Résumé de la décision
La décision du Conseil d'État concerne un pourvoi formé par M. B A contre une décision du Conseil national de l'enseignement supérieur et de la recherche (CNESER) qui avait rejeté son appel contre une sanction disciplinaire infligée par l'université Paris 1 Panthéon-Sorbonne. Cette sanction, prononcée le 21 juin 2019, interdisait à M. A d'exercer toute fonction d'enseignement ou de recherche pendant trois ans, avec privation totale de son traitement. Le Conseil d'État a annulé la décision du CNESER du 23 novembre 2022, en raison d'une insuffisance de motivation et d'une absence de réponse à un moyen de défense soulevé par M. A. L'affaire a été renvoyée au CNESER pour un nouvel examen.
Arguments pertinents
1. Irrégularité de la procédure : Le CNESER n'a pas répondu à l'argument de M. A concernant l'irrégularité de la procédure disciplinaire, ce qui constitue une violation du droit à un procès équitable. Le Conseil d'État a souligné que "le CNESER, après avoir relevé que M. A faisait valoir que la procédure suivie devant la section disciplinaire [...] était entachée d'irrégularité, n'a pas répondu à ce moyen qui n'était pas inopérant."
2. Insuffisance de motivation : Le CNESER a justifié la sanction en se bornant à affirmer que M. A avait méconnu ses obligations déontologiques sans analyser les faits reprochés ni la gravité des fautes. Le Conseil d'État a noté que "sans davantage préciser ni analyser les faits reprochés à M. A ni se prononcer sur la gravité des fautes, le CNESER a entaché sa décision d'insuffisance de motivation."
Interprétations et citations légales
1. Droit à un procès équitable : Le droit à un procès équitable est un principe fondamental qui doit être respecté dans toutes les procédures disciplinaires.

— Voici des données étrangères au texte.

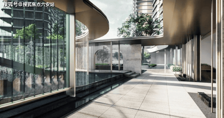 外立面:以“凌云松”为灵感,采用流线型玻璃幕墙+香槟金铝板,复刻御潮府墅境美学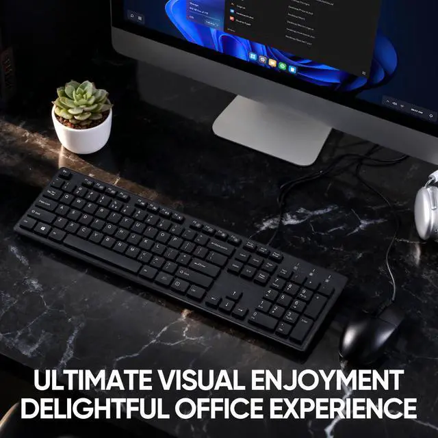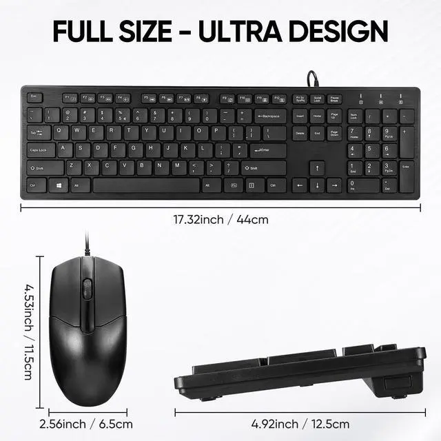 Plug and play:This wired keyboard mouse combo is plug and play, no needed install any drivers, wired connection can provide more stable signal input than wireless connection, more responsive typing.

Le Conseil d'État a rappelé que "la procédure suivie devant la section disciplinaire [...] était entachée d'irrégularité", ce qui implique que les droits de la défense doivent être garantis.
2. Motivation des décisions administratives : Selon le Code de justice administrative, les décisions administratives doivent être motivées de manière suffisante pour permettre aux parties de comprendre les raisons de la décision. Le Conseil d'État a précisé que "pour juger que M. A avait méconnu les obligations déontologiques [...] le CNESER s'est borné à relever que le requérant avait laissé s'installer entre lui et l'une de ses étudiantes une relation, sans conserver la distance requise." Cela montre que la motivation doit être claire et détaillée pour être conforme aux exigences légales.
3. Article L. 761-1 du Code de justice administrative : Cet article stipule que les frais exposés par une partie peuvent être remboursés si elle est la partie gagnante. Le Conseil d'État a décidé qu'il n'y avait pas lieu de faire droit aux conclusions de M. A au titre de cet article, car "ces mêmes dispositions font obstacle à ce qu'une somme soit mise à ce titre à la charge de M. A qui n'est pas, dans la présente instance, la partie perdante."
En conclusion, la décision du Conseil d'État met en lumière l'importance de la motivation des décisions administratives et du respect des droits procéduraux dans le cadre des procédures disciplinaires.